How to choose the right db_block_size

Posted on 24 January 2008 by Praveen

What block size should I use when creating a database? 

To begin with, the answer to that question depends entirely on the answer to another: are you using buffered I/O or not?

If you are buffering your I/O (that is, your file system has its own buffering mechanism, as most do by default), then your Oracle block size should match your file system’s buffer size exactly. For ext3, for example, that would mean 4K blocks by default, whilst for Tru64, it would mean 8K blocks -because those are the buffer sizes for the respective file systems. NTFS, by contrast, is a little unusual for mainstream file systems in that it does not have its own buffer, so reads from and writes to a volume formatted with NTFS are done directly -and at that point you can pretty much pick any Oracle block size you like.

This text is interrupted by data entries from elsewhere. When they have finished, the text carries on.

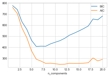 달 데이터 세트의 AIC 및 BIC와 GMM 구성 요소 수를 살펴보겠습니다(다음 그림 참조).
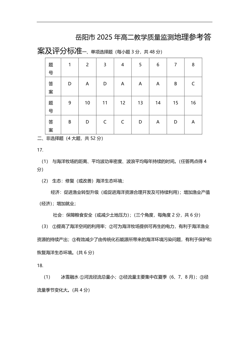 湖南省岳阳市2024-2025学年高二下学期期末教学质量监测 地理答案.pdf
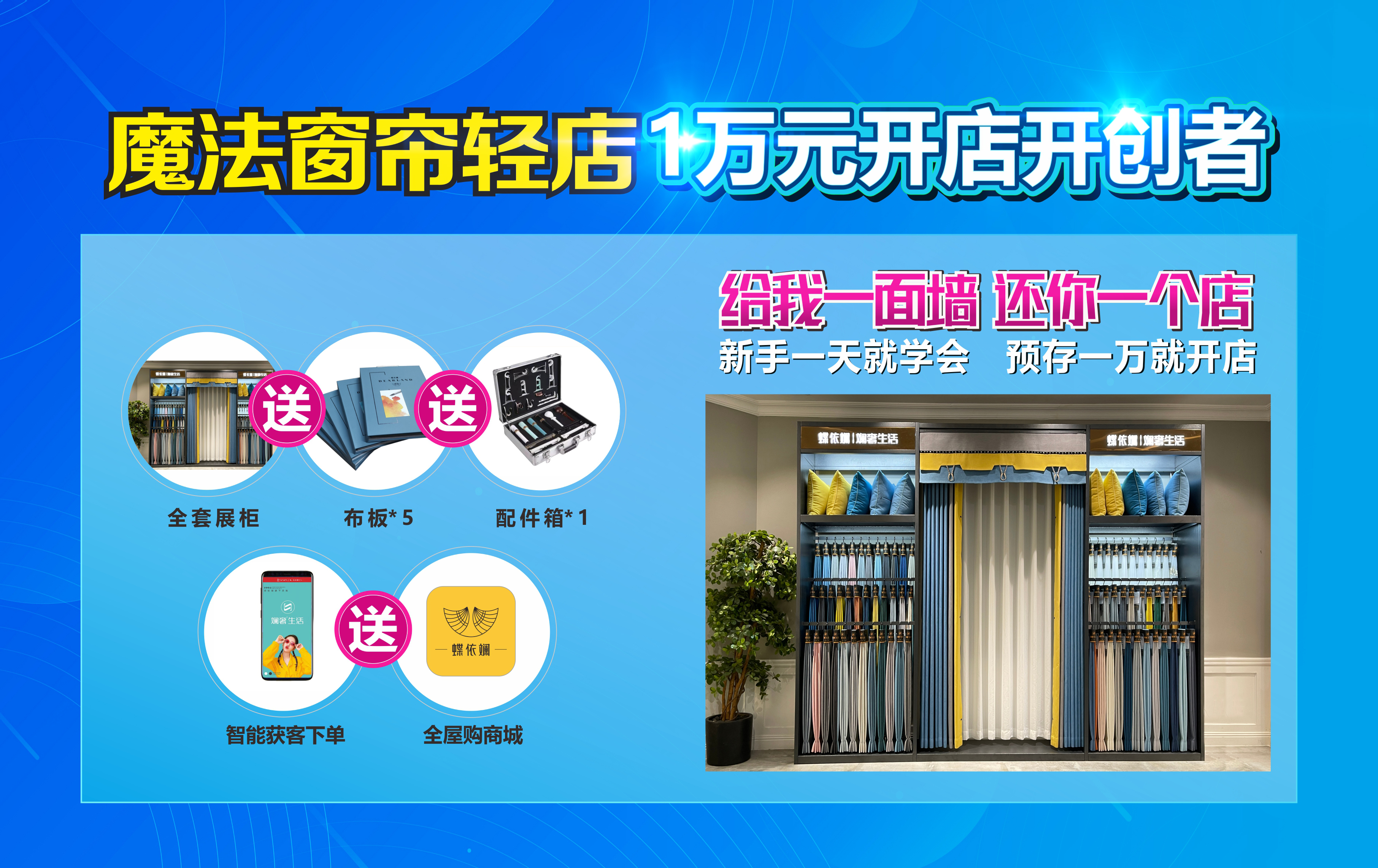 此次818超級云展泛家居招商盛宴,“魔法窗簾輕店”將以行業(yè)獨創(chuàng)、28年品牌能量亮相,“一面墻、一個展柜、預存一萬元貨款、一天學會接單運營”,“魔法窗簾輕店”現(xiàn)已在全國泛家居門店內開設400多家,相信通過此次818超級云展,借著居然之家深度賦能、泛家居招商俱樂部兵團集結、數(shù)字化招商等多方勢能聚集的東風,再次引爆全網(wǎng)!
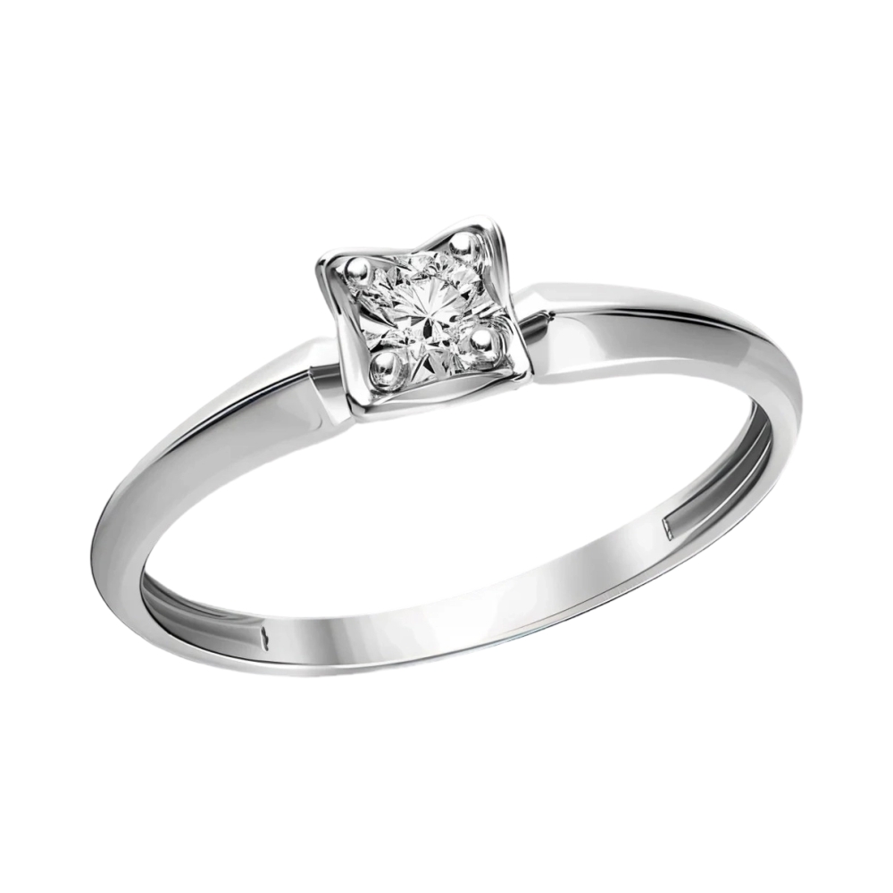 Кольцо помолвочное из белого золота с фианитами
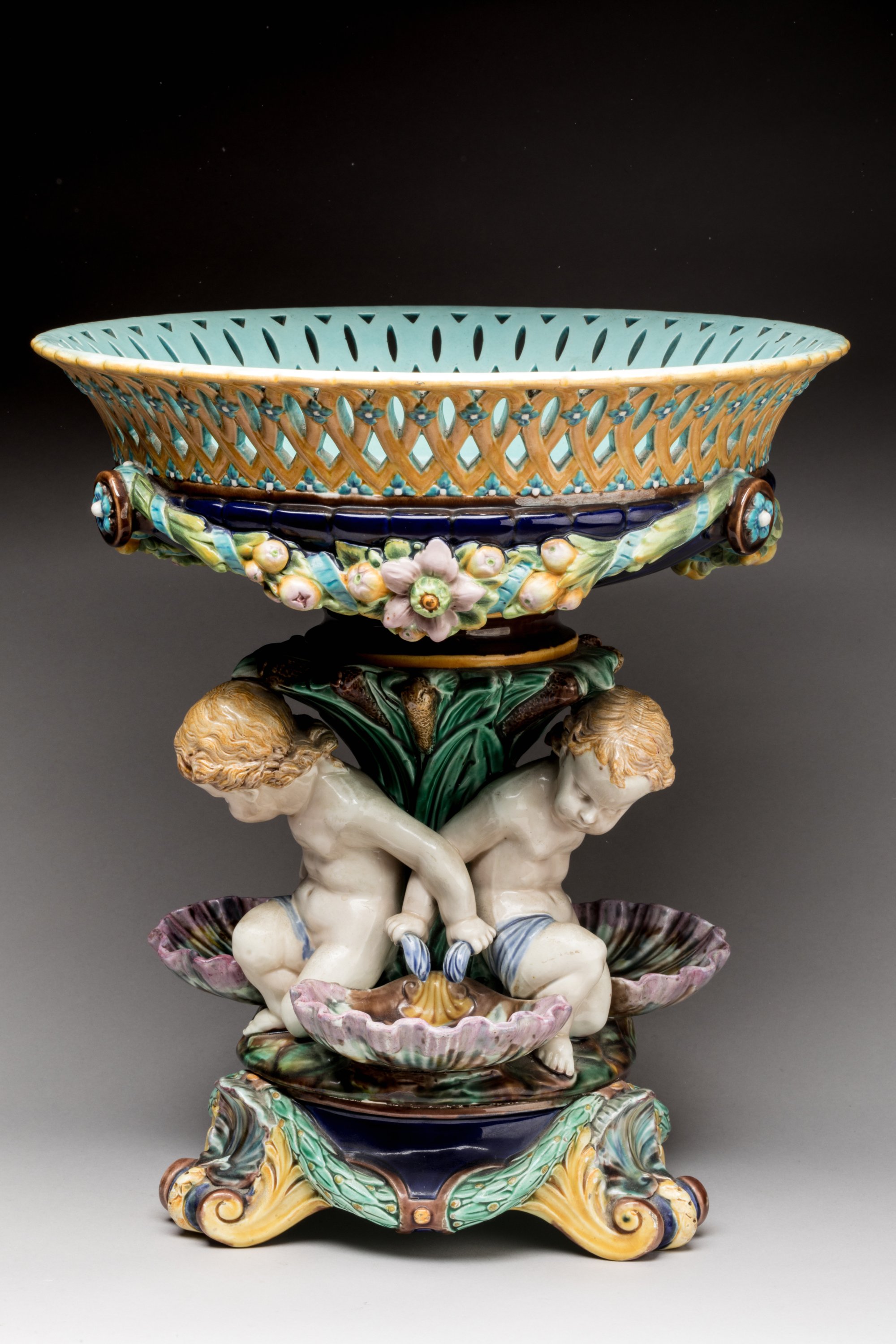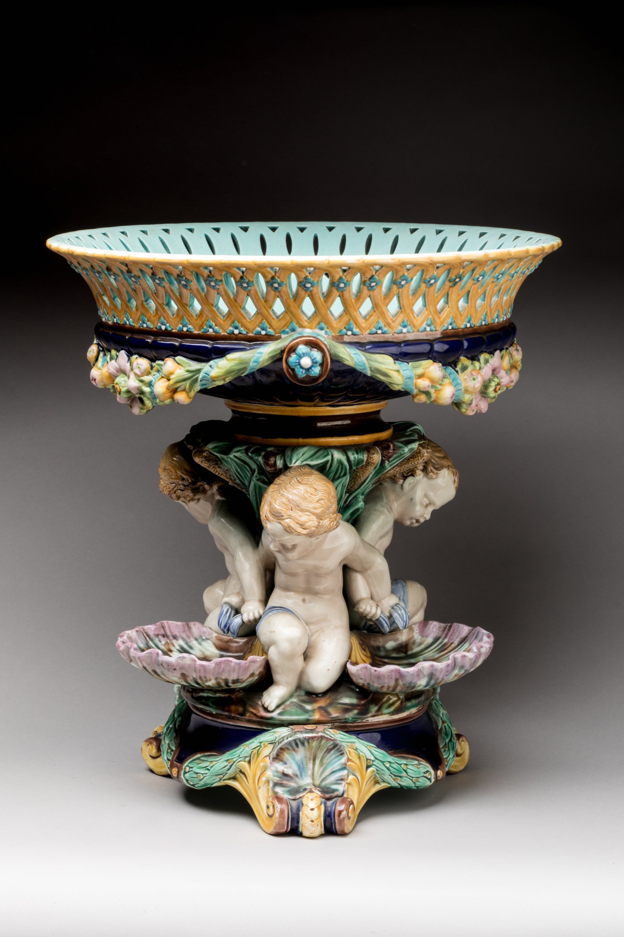 La Jardinière monumentale au Putti et tête de béliers, d'après Carrier-Belleuse, présentée par la manufacture de Minton à l'Exposition universelle de Londres en 1862, rencontre un succès qui la fait entrer directement dans les collections publiques anglaises (V&A Museum, n°inv. 8111-1863.) La manufacture rivale de Wedgwood, adapte les figures de son vase aux "enfants Boucher" pour créer ce centre de table dont la qualité de la composition et de la glaçure sont le signe des pièces d'exception. La marque aux trois caractères "DVW" permet de dater précisément notre coupe aux enfants Boucher. Ces enfants potelés inscrits dans un riche décor végétal composé notamment de trois coquilles Saint-Jacques semblent supporter avec aisance le poids de la vasque les coiffant. La première lettre indique le mois de création, la deuxième l'artisan à l'origine de la forme et la troisième l'année de réalisation. Si l'auteur de cette coupe reste inconnu, elle a été produite autour de décembre 1868. Dix ans plus tard à Paris, Rodin en tant que modeleur dans l'atelier de Carrier-Belleuse, réinterprète cette composition pour le socle de la vasque des Titans dont nous avons eu la chance de présenter deux exemplaires aux enchères à Artigny en 2018 (10 juin, lot 41 acquis pour le Museum of Fine Art of Houston, n°inv. 018.285.A,B) puis 2019 (16 juin, lot 80).

If you are using buffered I/O, then all is not lost, because you usually have control over how big the filesystem’s buffers will be at the time of creating the new file system (that is, formatting the volume). In Linux, for example, when you format a new drive with ext2 or ext3, you can issue the command

mke2fs -b 2048 /dev/hdc1

…and the -b switch there sets up the “block size” for the new partition, and hence the file system’s buffer size is now 2K, not the standard 4K. At that point, 2K Oracle blocks become feasible, too

Partitions which don’t have a file system at all -that is, they are raw (the Unix name) or unformatted logical partitions (the Windows one)- will obviously not have a file system buffer to worry about, so again you can pretty much pick whatever Oracle block size you like.

What if I am using something like Oracle 10g’s ASM or the Oracle Cluster File System?

Well, ASM usually wraps itself around raw devices, so if you’re using ASM, you’re actually using raw under the hood, and you therefore have direct I/O at your disposal, and thus have complete freedom over which Oracle block size to use.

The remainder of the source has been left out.